Tommy Thompson (WI) - 15 to 1, Jeb Bush (gov-FL) - 18 to 1 (100 to 1), Sam Brownback (sen-KS) 20 to 1 (60 to 1)
Long shots. Thompson (3%) has no base. Never count out a Bush (Jenna for 2032, anyone?), but he is a better bet for 2012. Brownback (2%) is the hero of the creationists.

George Allen (VA) - 80 to 1 (300 to 1)
John Sununu (sen-NH), Chuck Hagel (sen-NB) (90 to 1), Mike Huckabee (gov-AR) (10 to 1), George Pataki (gov-NY) (200 to 1) - all 99 to 1

Bet on Allen running to try to redeem his reputation. Bet on him losing. Hagel and Pataki (1%) are considered RINOs by Republican activists; no chance.
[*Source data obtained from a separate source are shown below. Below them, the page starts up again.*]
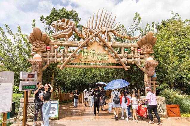 这个乐园有好多的项目,所有项目开放的时间也是有规定的。有雨林探险。洪荒石锤。 虎跳峡 。童梦世界等等,就不一一举例了。但是还是想说一下童梦世界,它给我的印象很深,主题园是植物元素和民族建筑构成的。很适合低龄段的儿童去游玩。所以有小孩的游客可以在这里陪同小孩游玩。里面的旋转木马和转转杯都可以享受欢乐的时光,此外还有一些带来快乐的项目。
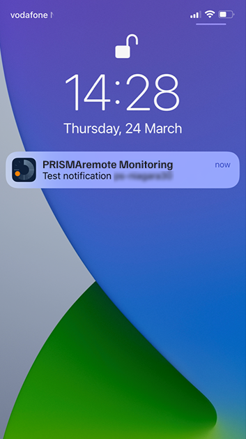 Tryk på konfigurationsikonet for at gå til konfigurationsskærmen for PRISMAremote Monitoring, hvor du kan vælge dine foretrukne indstillinger. |
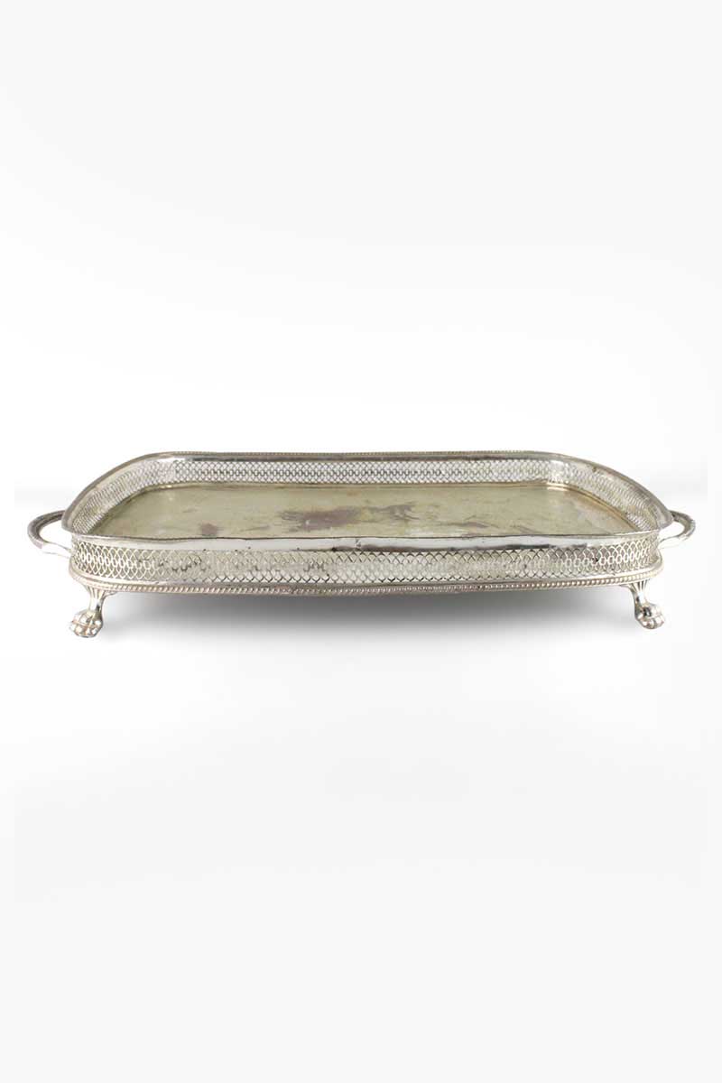 Rectangular Plain Silver Tray Fretwork Gallery Gadroon Rim & 2 Handles on 4 Legs
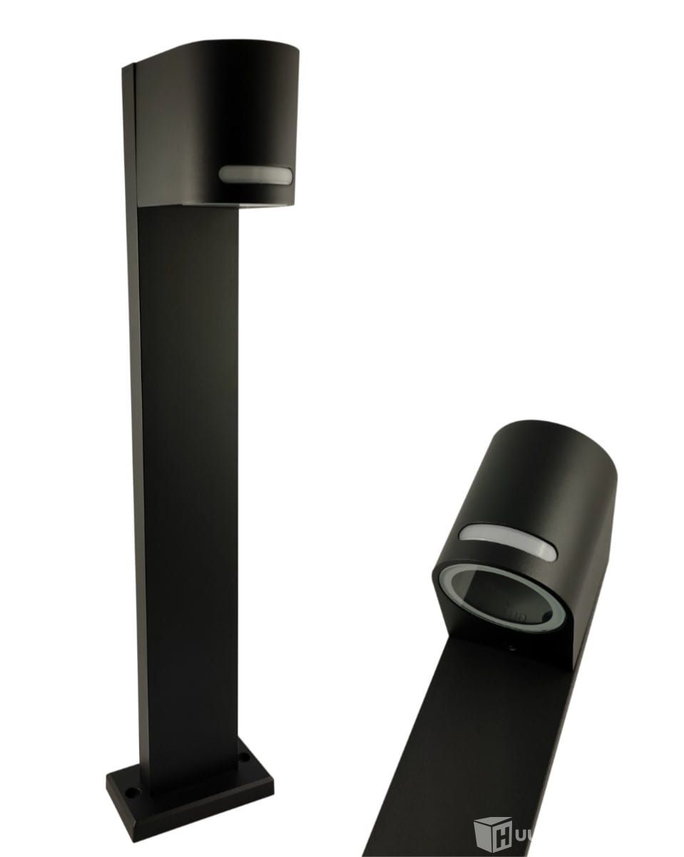 Struhm Forest 50 -puutarhapylväsvalaisin on musta, GU10-lamppua käyttävä ulkovalaisin.

Sununu and Huckabee will only run as a gift to comics.

Duncan Hunter (rep-CA) - 998 to 1 (1000 to 1)
Duncan (2%) is my representative to Congress. I know the guy. He is the epitome of the "hail fellow, well met" glad-handing politician. As corrupt as his best friend, Duke Cunningham, but smarter. Losing the chair of the House Armed Services Committee is a major hit to Duncan’s finances. He is running for president to have a second campaign committee to collect and filter money to his family and their retainers.

Michael Smith (OR), John Cox (IL) - 999 to 1
Smith and Cox are just trying to meet women.

Sources: CNN polling data, wikipedia


Anonymous said...


Come on. Many Republicans recognize that the WoT is a much bigger issue than their social agenda, and are willing to put that aside. That is why he is polling well. Republicans are, after all, grown-ups (unlike leftists).

As far as 'understanding Republicans', note that the GOP only has to put forth candidates better than the Democrat candidate. GWB won in 2004 simply because he was better than John Kerry. As bad as he was, his opponent was even worse.

Even Dole might have won if not for the Perot effect. That is not outside the realm of possibility.

No Democrat has gotten 50% of the popular vote since 1964. The GOP has gotten it 5 times over the same period. ('72, '80, '84, '88, '04).

Michael Smith said...

Trying to meet women? That’s an optimistic silver lining. I’m just trying to demonstrate that not all Republicans buy into the anti-immigrant, anti-gay, anti-Islamic, curmudgeon school of governance. I consider myself a traditional conservative advocating for restraint in government, rather than a social/religious conservative eager to use government to impose my ideology.

I’m running a meager campaign that will be satisfied to get a delegate or two as a symbolic victory over the social-cons, neo-cons, and cultural warriors. Some have accused me of being a Libertarian, but I recognize the two-party system is where the game gets played.

Michael Smith, Republican Candidate for President

Anonymous said...

At least in Iowa, social conservatives vote in the caucus. Your typical, moderate Republican does not. Look for Brownback and Huckabee to fare much better than your handicap. Especially Huckabee. Americans elect Governors to the POTUS office, not members of Congress.